Несколько интересных встреч у меня было с Ваном и по ту сторону океана. Однажды осенью наша делегация прилетела в Нью-Йорк для участия в очередной сессии Генеральной Ассамблеи ООН. И я узнал из газет, что в ближайшие дни состоится сольный концерт Вана Клиберна в Линкольн-центре. Ван жил в Техасе, а в Нью-Йорке постоянно снимал номер в гостинице «Селисбери», расположенной напротив знаменитого концертного зала Карнеги-холл. Он обрадовался моему звонку и тут же пригласил на свой концерт. К счастью, я был в тот вечер свободен. Судьба опять улыбнулась мне — я получил непередаваемое удовольствие от его игры. После концерта зашел к нему в грим-уборную. Ван сказал, что будет рад меня видеть среди своих друзей за праздничным ужином. И мы сразу поехали в знаменитый отель «Плаза», где нас ждал роскошный стол в Дубовом зале.
Среди гостей Вана оказались знаменитая оперная певица Рената Тебальди и великий композитор Леонард Бернстайн. Разговор, как водится, вращался вокруг концерта. Восторг был всеобщий. Ван улыбался. К моему удивлению, мамочки рядом с ним не было. Случай поразительный — он без нее раньше шагу не делал. Я не стал спрашивать, где она. Забегая вперед, скажу, что Ван до конца ее дней всюду появлялся только с ней. Мать, как я уже говорил, вела все его дела, организовывала бесконечные турне, гастроли. Ван играл, играл и играл… Никакой личной жизни. А ведь он был видный мужчина, талантливый, богатый. Но мамочка полностью подчинила его своей воле. Она сопровождала его даже тогда, когда уже не поднималась с инвалидной коляски. Ван не сумел, а вернее, не пытался освободиться от ее чрезмерной опеки. Такие люди, как Ван Клиберн, всецело отдаются делу своей жизни. Музыка для него была единственным миром, который побуждал его к мыслям, наблюдениям, страстным чувствам. Остальное — лишь приложение к этому миру, не более того.

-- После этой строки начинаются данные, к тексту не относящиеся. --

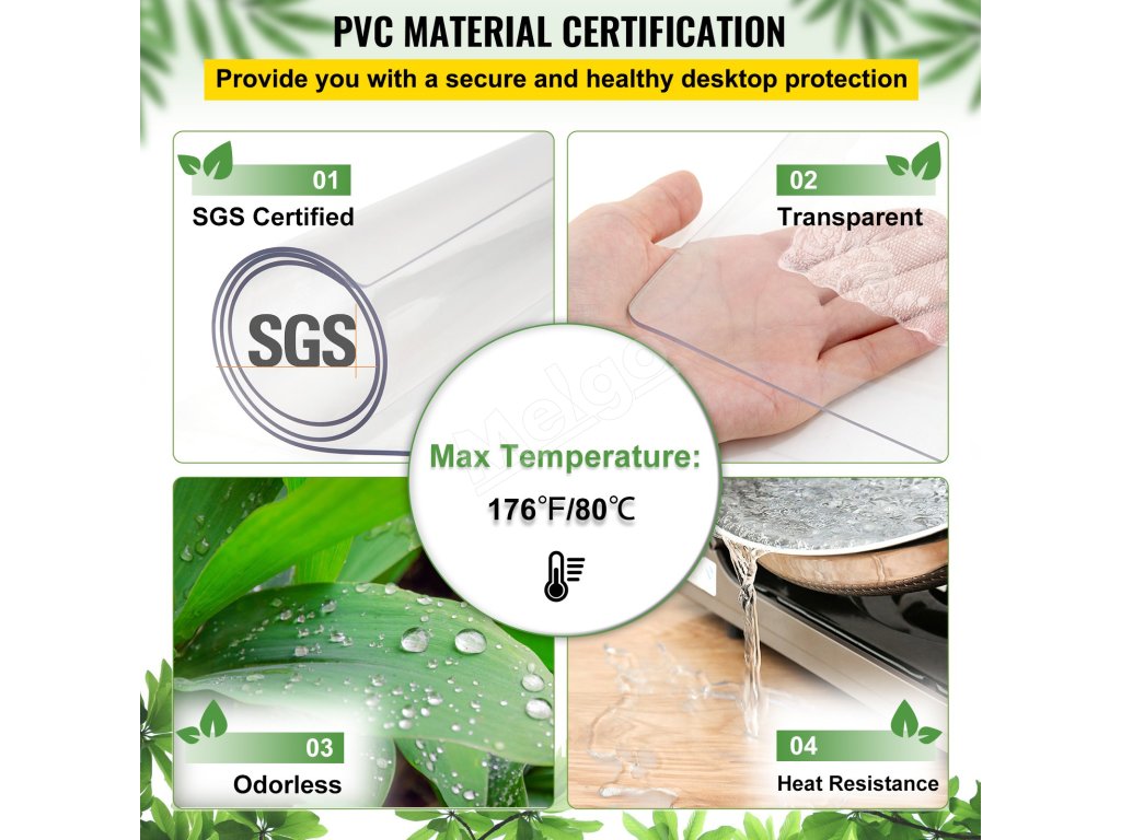 Táto priehľadná fólia z PVC má overenie SGS, čo zaručuje vysokú pevnosť, stabilitu a tepelnú odolnosť. Je skonštruovaná tak, aby vydržala dlhú životnosť. Okrem toho je bez zápachu a môže sa priamo dotýkať potravín, aby vám poskytla vynikajúce pohodlie.

Итак, мамочка на том ужине отсутствовала, и Клиберн, сам того не замечая, был свободен. Это проявлялось в его раскрепощенной манере общения. Бернстайн спрашивал меня о том, насколько напряженна обстановка на Ближнем Востоке, где, как всегда, конфликтовали между собой арабы и израильтяне. Он хотел узнать мое мнение о возможной реакции Москвы на его запланированную поездку в Тель-Авив. Переживал, что в Москве, куда он был приглашен с концертом, на него за эту поездку могут обидеться. Я, разумеется, его успокоил, но сам подумал, что ведь запросто «обидятся».
Вдруг Ван обратился ко мне:
— Виктор, придумай быстренько что-нибудь остроумное. К нашему столу идет сам Леонард Лайонс.
Через весь зал к нам, действительно, шел человек — худенький, невысокого роста, с крупным носом. Меня, помню, удивило, что все знаменитости за нашим столом с особым почтением стали его приветствовать. Он, как я понял, был очень известной личностью, но я о нем ничего не знал. После обмена приветствиями Ван предложил ему сесть за наш стол. Я уловил направленный на меня острый, умный взгляд Лайонса. На предложение заказать что-либо из еды он попросил лишь чашечку кофе. Каждый из сидящих за столом старался завладеть его вниманием. Помню, Лайонс удачно пошутил, и все дружно рассмеялись. Неожиданно он протянул мне через стол блокнотный листок, на котором я прочитал: «Вы не хотели бы со мной за один вечер побывать на восьми бродвейских мюзиклах?» На этом же листке я ответил: «С большим удовольствием!» Прочитав это, Лайонс улыбнулся и через несколько минут вновь передал мне записку. В ней он указал свои телефоны и попросил звонить ему в свободное время. Вскоре он попрощался и ушел. О том, как Лайонс выполнил свое обещание, я расскажу ниже, а сейчас вернусь к рассказу о Клиберне.